State Senator Jose Menedez filed Senate Bill 269 to allow for a more comprehensive medical marijuana program. Menedez filed this bill to help others with conditions like PTSD to get access to another treatment option. The Senator has veterans, like Amanda Berard, in mind.
Berard suffers from PTSD from her time in the U.S. Army, according to KHOU News. Berard was a combat medic. Sexual assault led to PTSD.
She said, “I experience it with depression and in hypervigilance.”
Her PTSD is treated with a cocktail of pharmaceuticals. She said, “You’re given a cocktail of medication. A cocktail of pharmaceutical pills. I have five or six different medications that I’m supposed to take. The prescriptions, I feel, are like a Band-Aid solution.”
Amanda is working on writing a thesis paper around the effectiveness of marijuana for veterans suffering from PTSD.
Senator Menedez agrees with Berard and groups like NORML, in the regard that medical marijuana should be available just like other prescription drugs.
Senator Menedez said, “I’d like to make it legal for doctors to prescribe or recommend medical-based cannabis. I’m literally saying that now you can have another medicine at your pharmacy.”

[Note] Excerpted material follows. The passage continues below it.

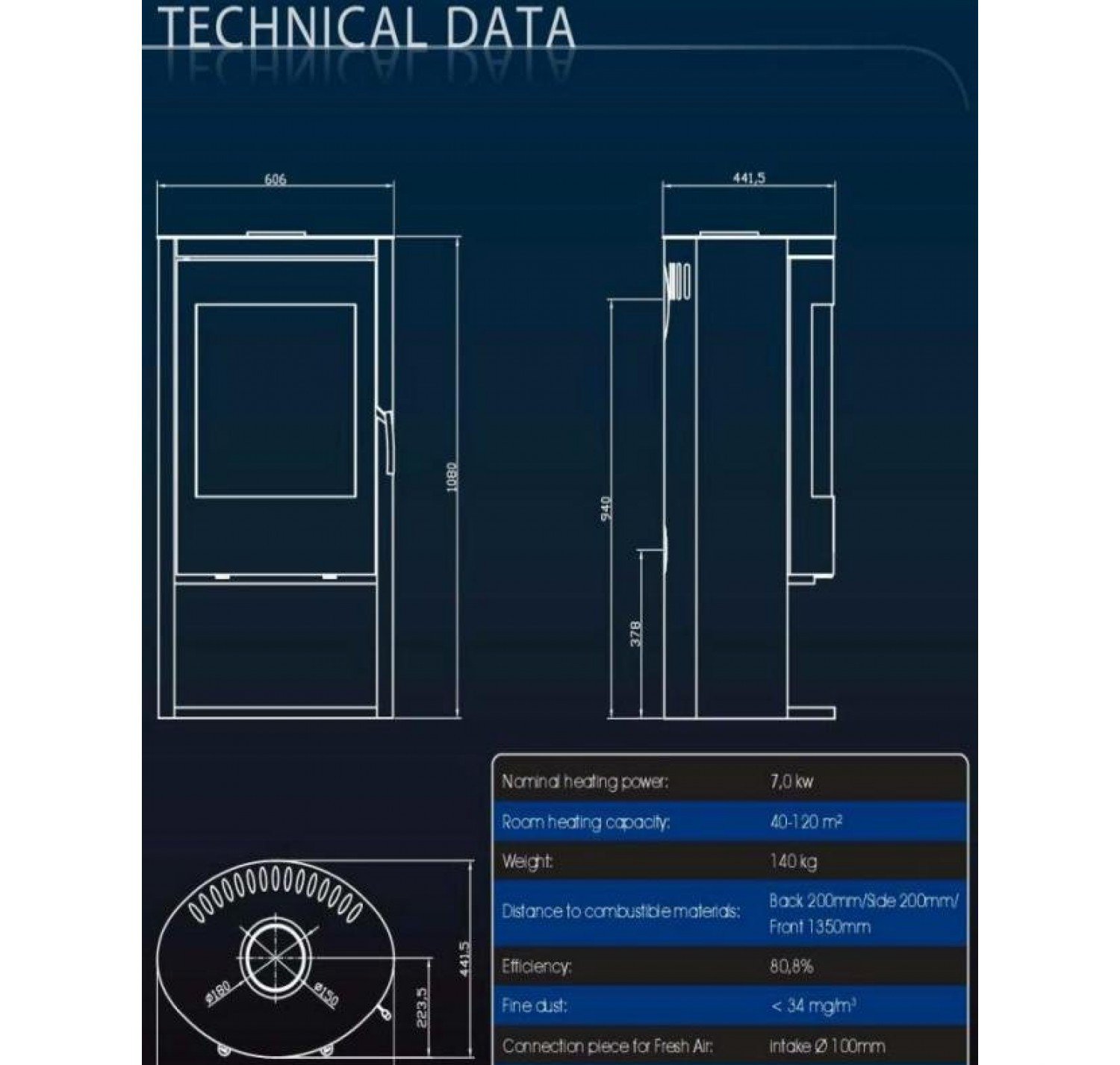 - Диаметр дымохода, (мм) 150 мм.
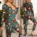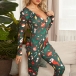Cute Cartoon Christmas Printed Long Sleeve V-neck Slim Fit Jumpsuit

Menedez also said, “Why are politicians in Texas picking and choosing which compounds or molecules they can prescribe as medicine? They say they have scientific-based evidence that cannabis medication can help people with PTSD, help pain without side effects.”
Senator Menedez has spoken with veterans and for many, the pharmaceuticals don’t work. In a lot of cases, the pharmaceuticals make their symptoms worse.
Menedez said, “If we feel it’s good enough for those children and those seizures, why do we oppose helping veterans with PTSD? Or someone with cancer? Or glaucoma? What’s the logic?”
The U.S. Department of Veterans Affairs itself acknowledges that marijuana can be used to treat PTSD.